> _Goal of the exercise_:
Would you reproduce, word for word, only the lines running from the top of the data through the line containing "El segundo implicado", and none of the pictures?

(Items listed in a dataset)
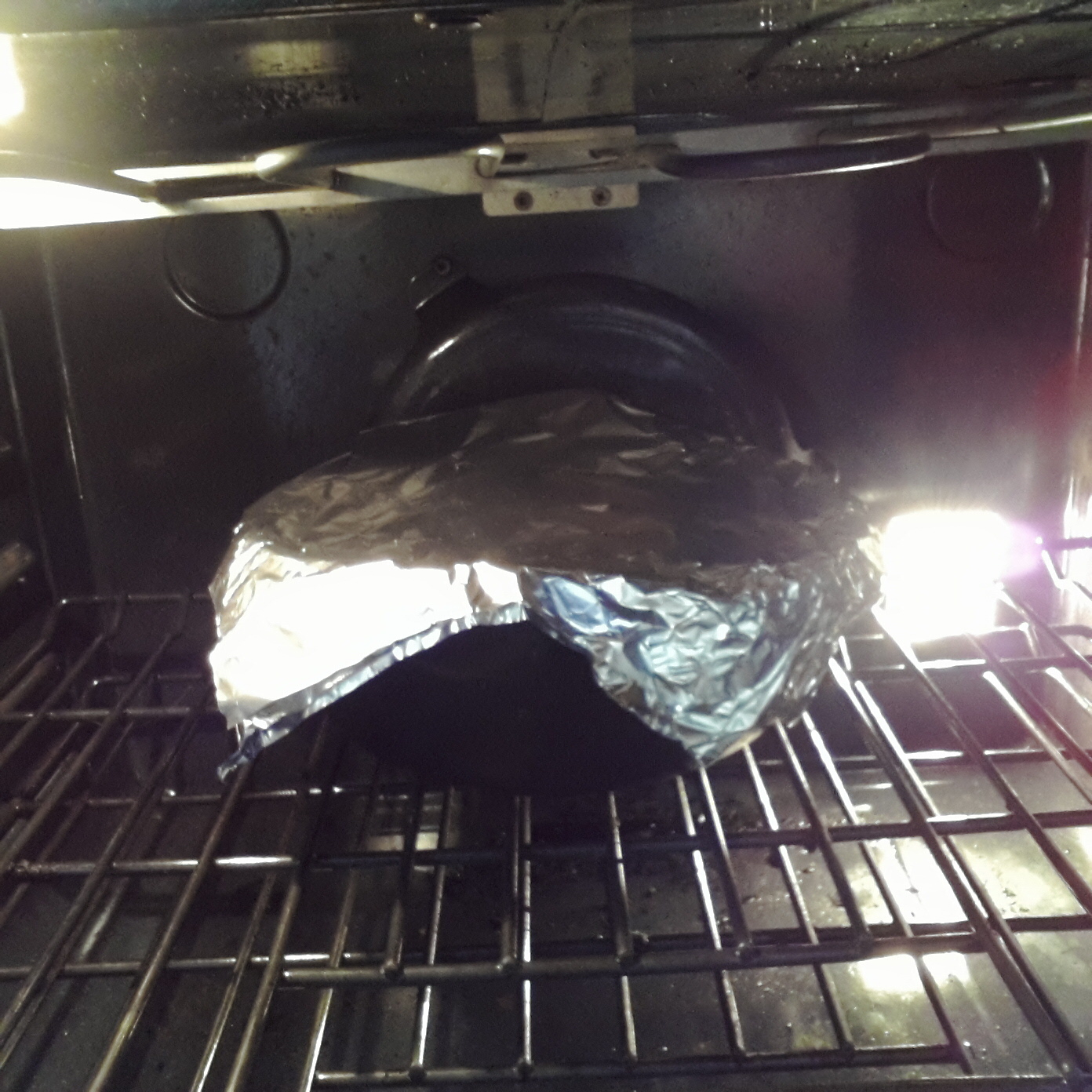 Once everything starts to boil, cover the casserole with foil and put in in the preheated 325F degrees oven for about an hour.
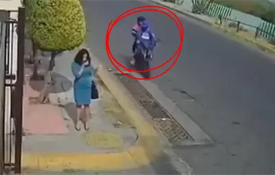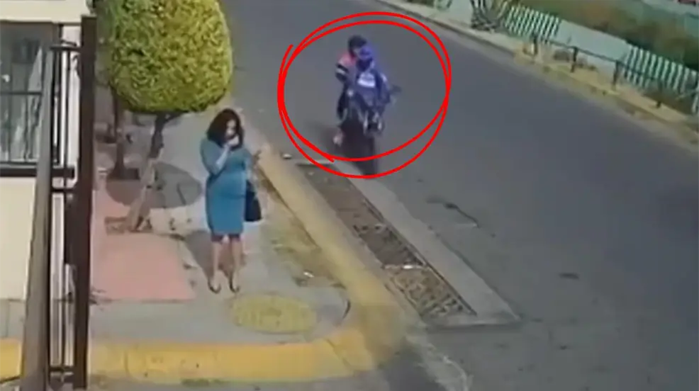 El segundo implicado la esperaba en una motocicleta negra; uno llevaba casco azul y el otro casco negro, permitiendo a ambos escapar rápidamente.
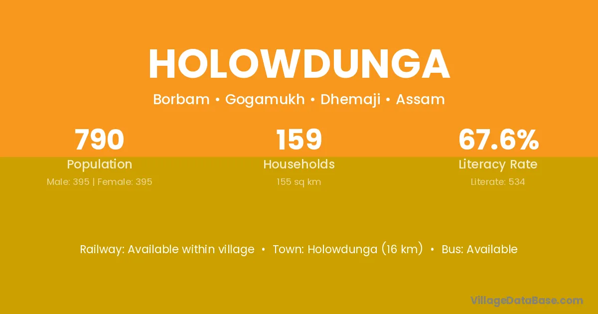 Holowdunga village has a total population of 790 people, of which 395 are males and 395 are females.
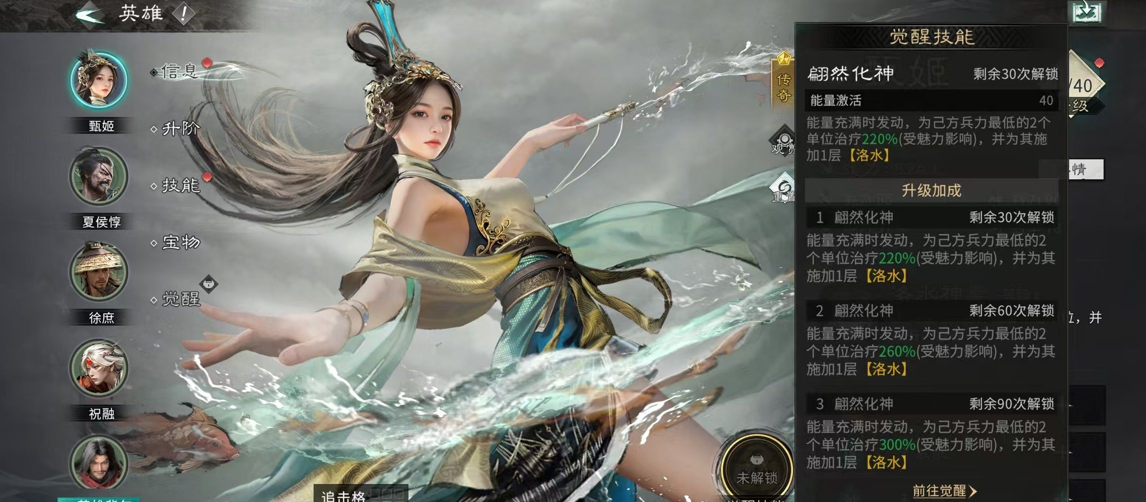 甄姬为传奇品质治疗型辅助武将,基础定位明确——以持续续航与生存强化为核心职能。其天赋技能可在主动释放后,对追击格内单位实施治疗,并同步提升目标闪避率;完成觉醒后解锁专属觉醒技:当能量满格时,自动为己方兵力百分比最低的两名武将施加治疗,并附加“洛水”状态。该状态属叠加型增益,每层提升5%闪避率,持续两回合,且无层数上限,可随战斗进程不断累积,显著强化队伍整体容错能力。
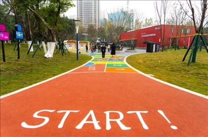 △重慶兩江新區(qū)生活垃圾分類主題公園分類知識通關步道。該形式在寓教于樂中推廣垃圾分類知識。
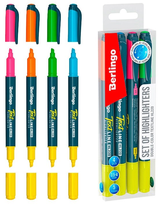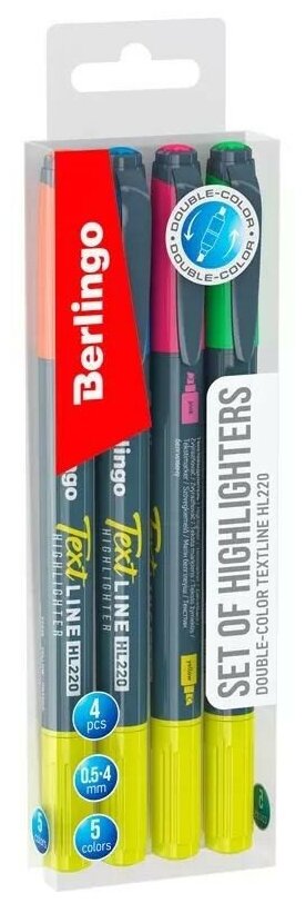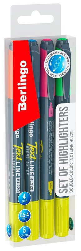 Набор текстовыделителей двусторонних Berlingo "Textline HL220" 4 шт 5 цв. 05-4 мм европодвес (T2020)
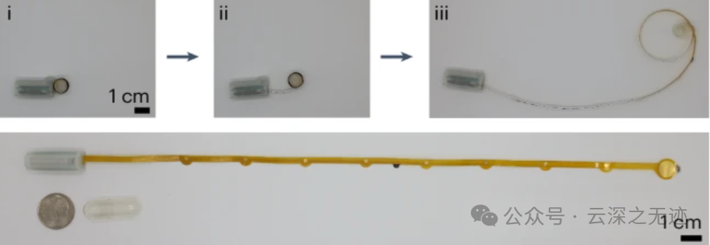 该系统被称为通过可摄入、胃部、不受束缚的追踪的多模式电生理学 (MiGUT),包含封装的电子设备和电池,以及以卷起配置存储的传感电极带。
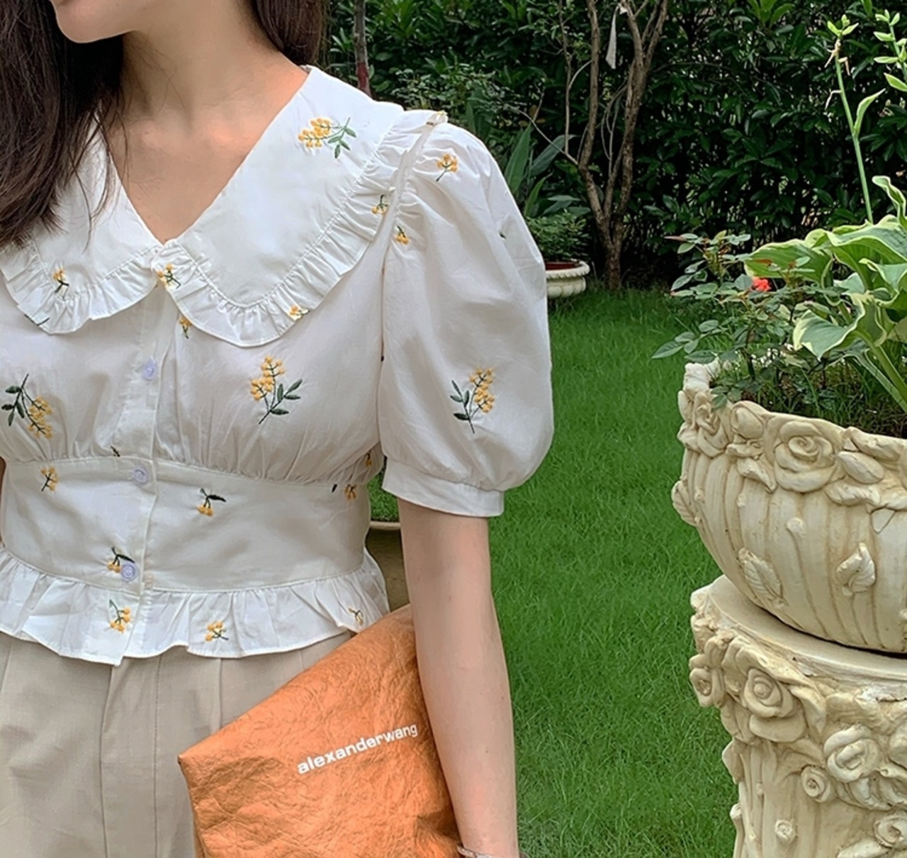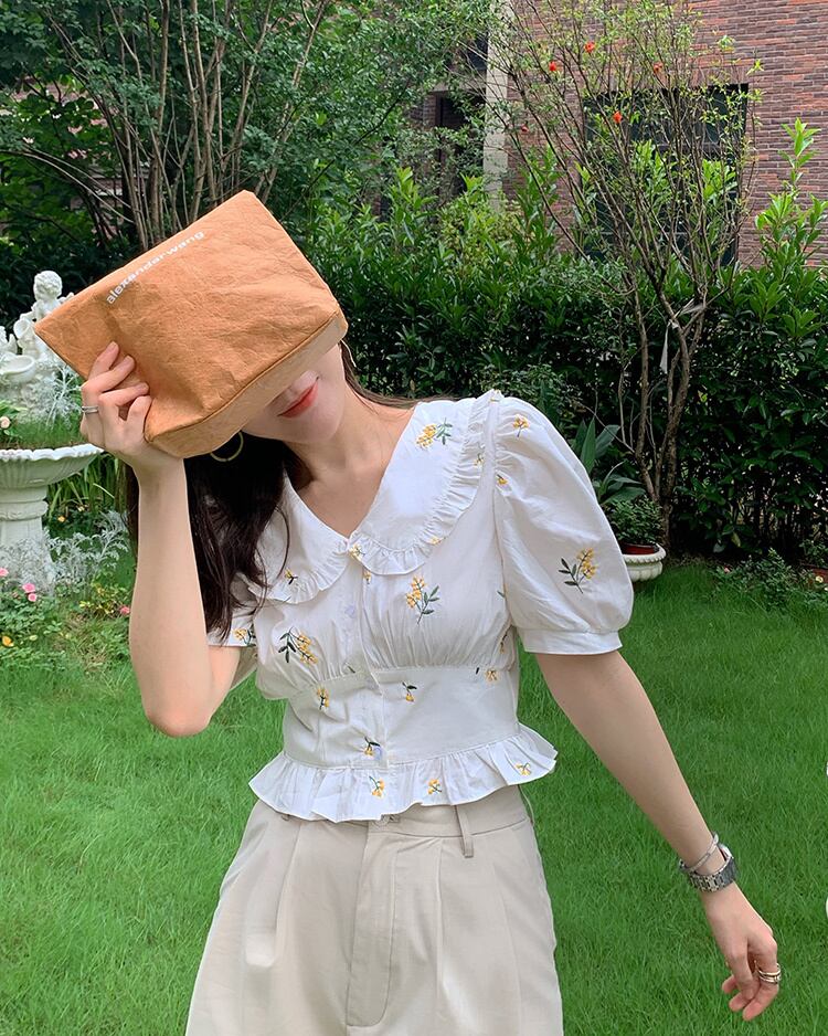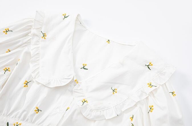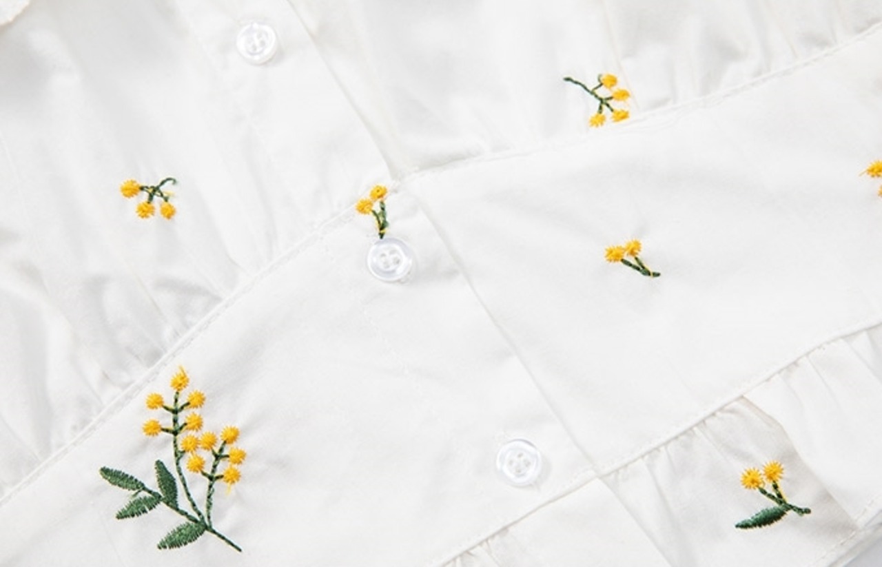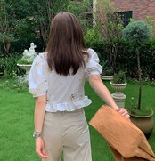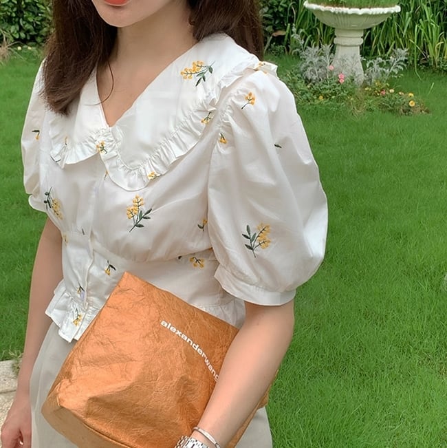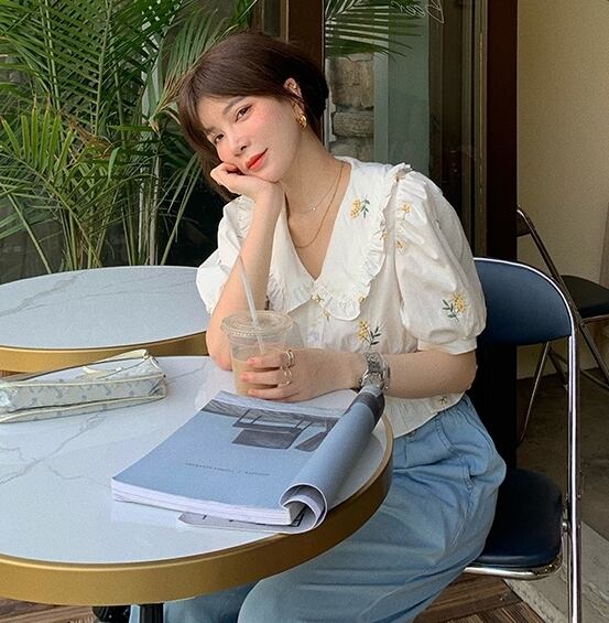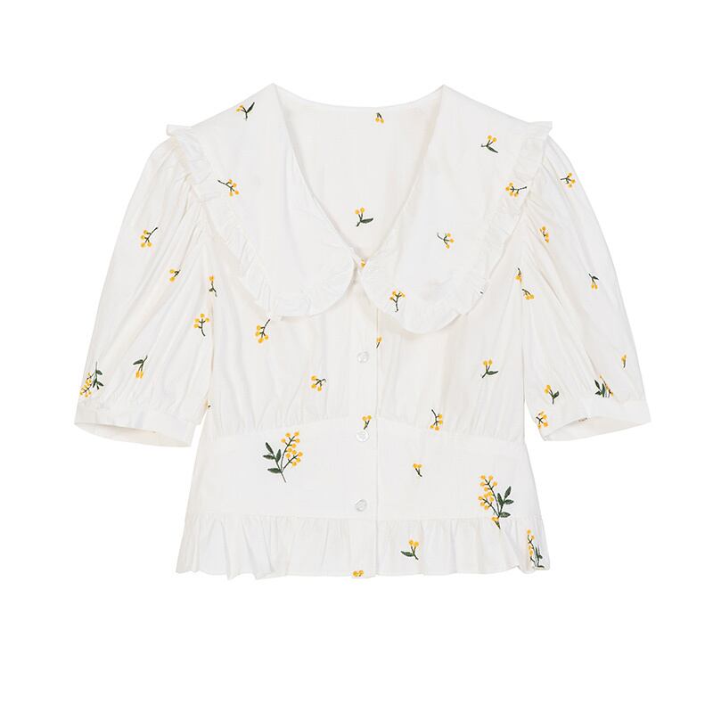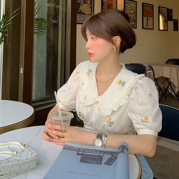 トップス ブラウス シャツ 刺繍 花柄 フリル ムスクテールカラー ガーリー 可愛い 半袖 パフスリーブ Vネック フリル 上品 フロントボタン カジュアル デイリー デート お出かけ リゾート レトロ 夏
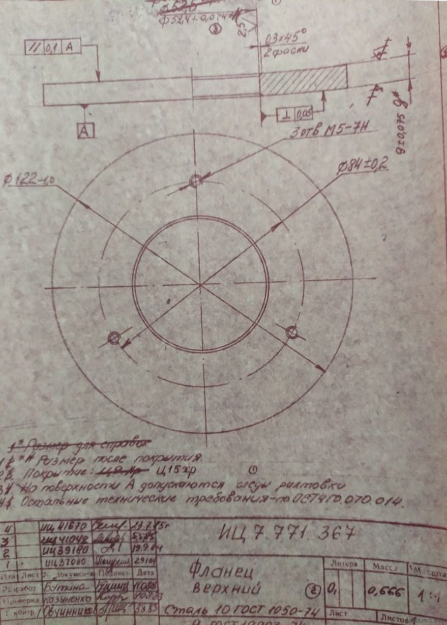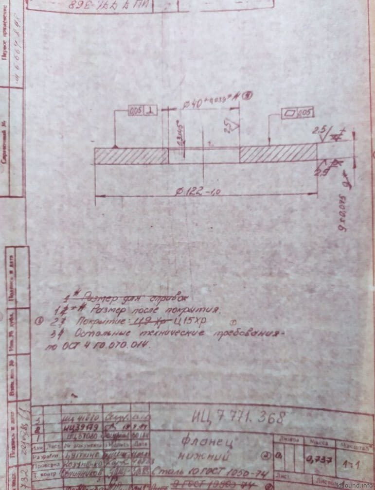 - Нижний фланец размером 122х40х9 мм. Деталь покрыта защитным слоем Ц15хр. Масса – 0,74 кг

> _Result of this task_:
 Once everything starts to boil, cover the casserole with foil and put in in the preheated 325F degrees oven for about an hour.
 El segundo implicado la esperaba en una motocicleta negra; uno llevaba casco azul y el otro casco negro, permitiendo a ambos escapar rápidamente.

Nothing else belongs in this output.